PREDESTINATION (2014)

Les frères Spierig adaptent une nouvelle de Robert Heinlein et nous plongent dans un enchaînement vertigineux de paradoxes temporels…

PREDESTINATION

 

2014 – AUSTRALIE

 

Réalisé par Michael et Peter Spierig

 

Avec Ethan Hawke, Sarah Snook, Noah Taylor, Elise Jansen, Christopher Kirby, Madeleine West, Cate Wolfe, Jim Knobeloch

 

THEMA VOYAGES DANS LE TEMPS

Michael et Peter Spierig aiment prendre leur temps. Scénaristes, réalisateurs, producteurs, parfois même monteurs et superviseurs des effets visuels de leurs films, ils sont à la tête de projets atypiques qui ne se concrétisent donc pas en un claquement de doigts. Après leur comédie d’horreur et de science-fiction Undead (2003), ils donnaient un souffle original au mythe des vampires avec Daybreakers (2009). Predestination, leur troisième long-métrage, entend bien bouleverser les codes établis dans le domaine des histoires de voyages dans le temps en s’appuyant sur la nouvelle « Vous les zombies » écrite par Robert Heinlein et publiée en 1959. Le célèbre auteur de science-fiction caressait l’ambition, à travers ce texte court, de pousser le plus loin possible la notion de paradoxes temporels en s’appuyant sur le principe des boucles causales (« qui est arrivé en premier, la poule ou l’œuf ? »). Quand on lit ce récit d’une quinzaine de pages, force est de constater qu’Heinlein est allé très loin dans le concept, provoquant presque des migraines aux lecteurs qui s’efforcent de reconstituer le complexe fil temporel des destinées de ses personnages. Le principe de la boucle causale a ceci de fascinant qu’il part du principe qu’on ne change pas le cours des événements en voyageant dans le passé ou dans le futur : au contraire, on s’inscrit dans le flot du temps, comme si les bouleversements qu’on y apporte préexistaient déjà. L’exemple cinématographique le plus fameux, en ce domaine, est la première saga de La Planète des singes. Charge donc aux frères Spierig de rester fidèles aux mots d’Heinlein tout en se conformant aux besoins narratifs d’un film de science-fiction.

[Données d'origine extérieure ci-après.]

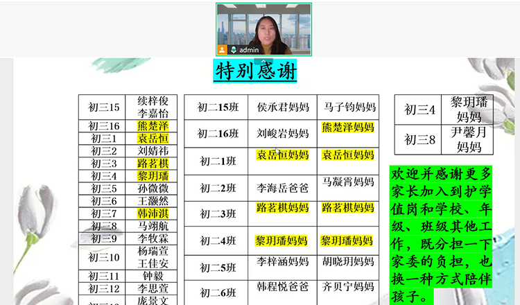 本次初三年级家委会会议由齐豪杰主任主持,她首先代表年级对家委会一直以来给予年级工作的理解、支持与默默付出致以最诚挚的感谢。

Fidèle aux cinéastes, qui lui avaient offert le rôle principal de Daybreakers, Ethan Hawke joue le rôle d’un agent spécialisé dans les sauts temporels à l’aide d’un dispositif curieux : l’étui d’un instrument de musique sur lequel il inscrit les dates de ses prochaines destinations. L’organisation qui l’emploie cherche ainsi à empêcher certains crimes avant qu’ils ne soient commis, une démarche qui n’est pas sans évoquer Minority Report (qui adaptait un autre auteur classique du genre, Philip K. Dick). Alors qu’il s’efforce de faire cesser les agissements d’un terroriste pyromane surnommé « le feu follet », notre agent est gravement brulé. De retour à son époque, il subit une chirurgie réparatrice qui lui redonne visage humain. Sa mission suivante – qui sera de toute évidence la dernière – le transporte dans le New York des années 70. Là, sous l’identité d’un barman, il entame la conversation avec un client taciturne. Ce dernier, qui gagne sa vie en écrivant des confessions intimes à l’eau de rose dans des magazines féminins, propose au barman de lui raconter son histoire. Une histoire incroyable et riche en surprises…

La poule ou l’œuf ?

À l’exception de l’ajout du personnage du « feu follet », qui permet au film de s’offrir quelques séquences d’action et de suspense additionnelles, le scénario de Predestination s’avère étonnamment proche du texte original, dont il reprend souvent mot à mot les dialogues. C’est un pari osé, dans la mesure où le récit prend rapidement une tournure très littéraire. La grande majorité du film est en effet constituée de propos que les personnages échangent, assis dans le bar. Certes, la tournure que prennent ces confessions s’avère fascinante, prenant corps sous forme d’une série de flash-backs que les Spierig mettent en image avec beaucoup d’élégance. Mais la structure de Predestination finit par souffrir d’un déséquilibre lié à ce statisme inattendu. Les séquences d’ouverture laissaient imaginer un tout autre film, beaucoup plus axé sur le mouvement. Mais c’était un leurre, comme si les Spierig se débarrassaient rapidement des passages qu’on attendait d’eux pour se concentrer ensuite sur le cœur du sujet, autrement dit la nouvelle d’Heinlein. Le film n’aurait sans doute pas le même impact sans les prestations d’Ethan Hawke et de Sarah Snook (très surprenante dans un registre transformiste où elle excelle). Déclinant sous de nombreux aspects le principe de la scission des corps et des identités, Predestination est probablement l’un des films les plus personnels de ses auteurs qui, rappelons-le, sont deux frères jumeaux qui se ressemblent comme deux gouttes d’eau.